This is lemma V.2.1 of Hartshorne's Algebraic Geometry. Surfaces are all nonsingular and projective over an algebraically closed field.
A ruled surface is a surface $X$, a nonsingular curve $C$, and a surjective morphism $f : X \rightarrow C$ such that for all closed points $y \in C$, $X \times_C Spec(k(y)) \sim \mathbb{P}^1_{k(y)}$, and that $f$ has a right inverse $g$.
Now suppose $X$ is a ruled surface. $D$ is a divisor on $X$, and suppose that for all fibers $F$ of $f$, $D . f = n \geq 0$, where $D . f$ indicates intersection number.
If $y$ is a closed point of $C$, then $O_X(D)$ pulls back to a sheaf of degree $n$ (and thus independent of $y$) on $X \times_C Spec(k(y))$. Hartshorne then uses Grauert's theorem to conclude that $f_* O_X(D)$ is locally free of rank $n+1$.
The part that I'm stuck on is that this proof doesn't cover the generic point of $C$. Is it sufficient to check only closed points for Grauert's theorem to apply?
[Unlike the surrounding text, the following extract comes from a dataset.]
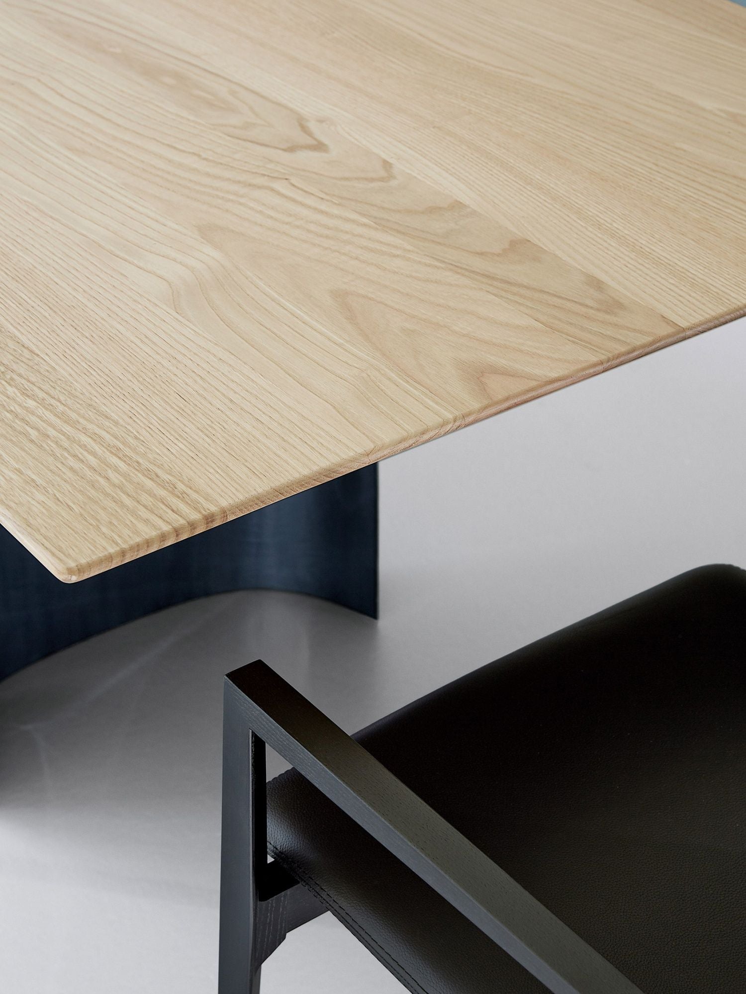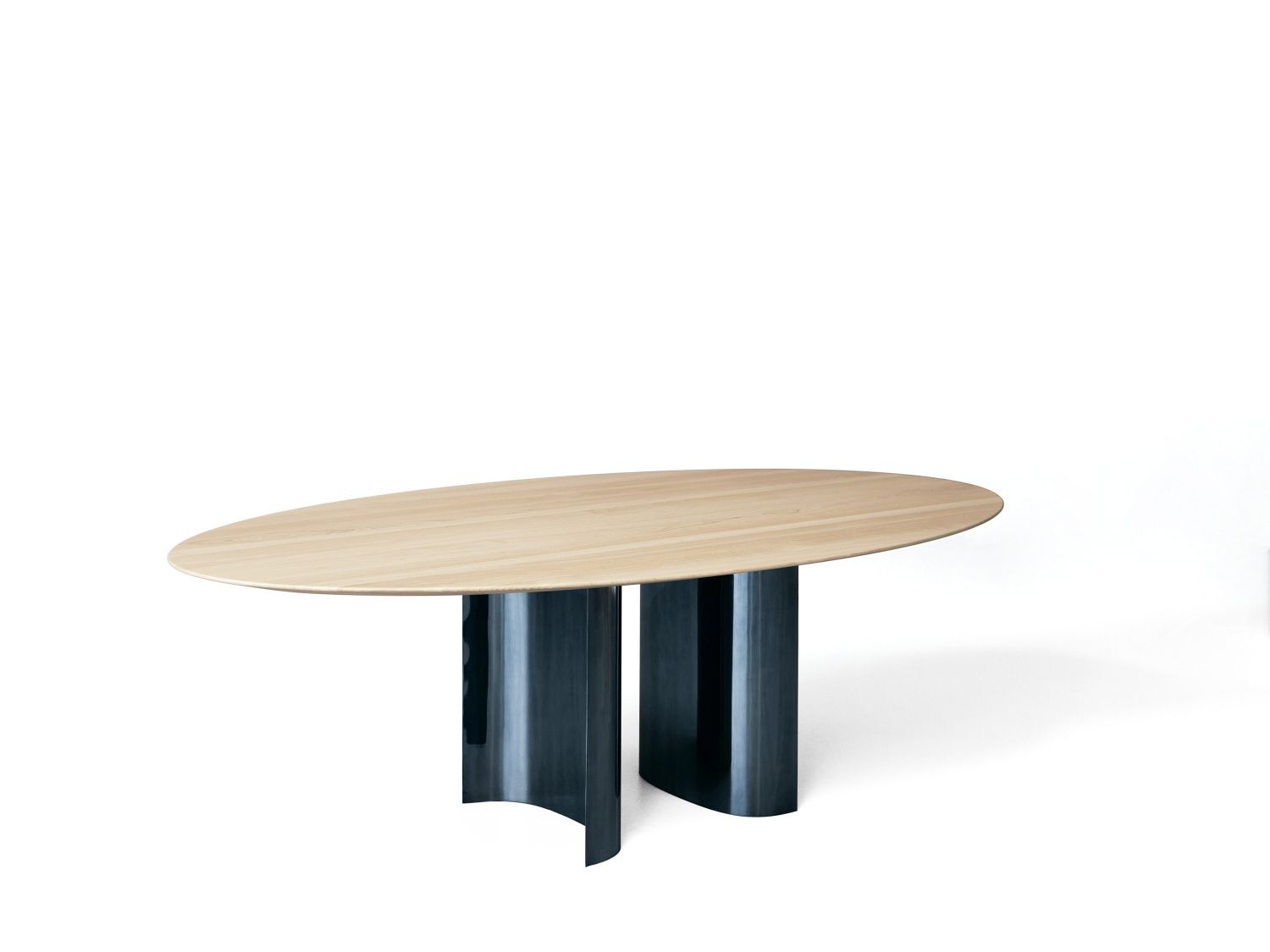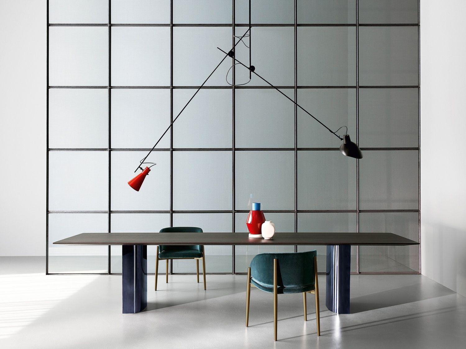 Jeff, the table designed by Oscar and Gabriele Buratti, plays with the fascinated reaction between mirrored surfaces: an intriguing theme which is typical of diverse contemporary artistic paths swaying between minimalism and maximalism. The streamlined solid chestnut top appears to be suspended on two metal central bases, whose particular geometry - an open semi-curve in blue pigmented glossy aluminum - is finished by hand, thus triggering ever changing reflection effects. The top, made of selected slats of natural or black stained solid chestnut, features the customized design of a tapered edge that gives extreme lightness to the very thick top. A further rounding on the entire perimeter softens the edges creating a small sphere on each of the four corners.

The generic point isn't a divisor on $C$ so we can't pull it back to $X$ like we did with closed points.
Yes, it is sufficient to check at closed points. If $\mathcal{O}_X(D)$ pushes forward to a coherent sheaf on $C$, then the rank of $f_*\mathcal{O}_X(D)$ is an upper semi-continuous function (see exercise II.5.8(a), for instance). This means that the set where $f_*\mathcal{O}_X(D)$ is of rank $>n$ is closed, and if it is non-empty, must have a closed point since $C$ is quasi-compact (i.e. it can't just be the generic point of $C$). But we've verified that the rank of $f_*\mathcal{O}_X(D)$ at each closed point is $n$, so we're good.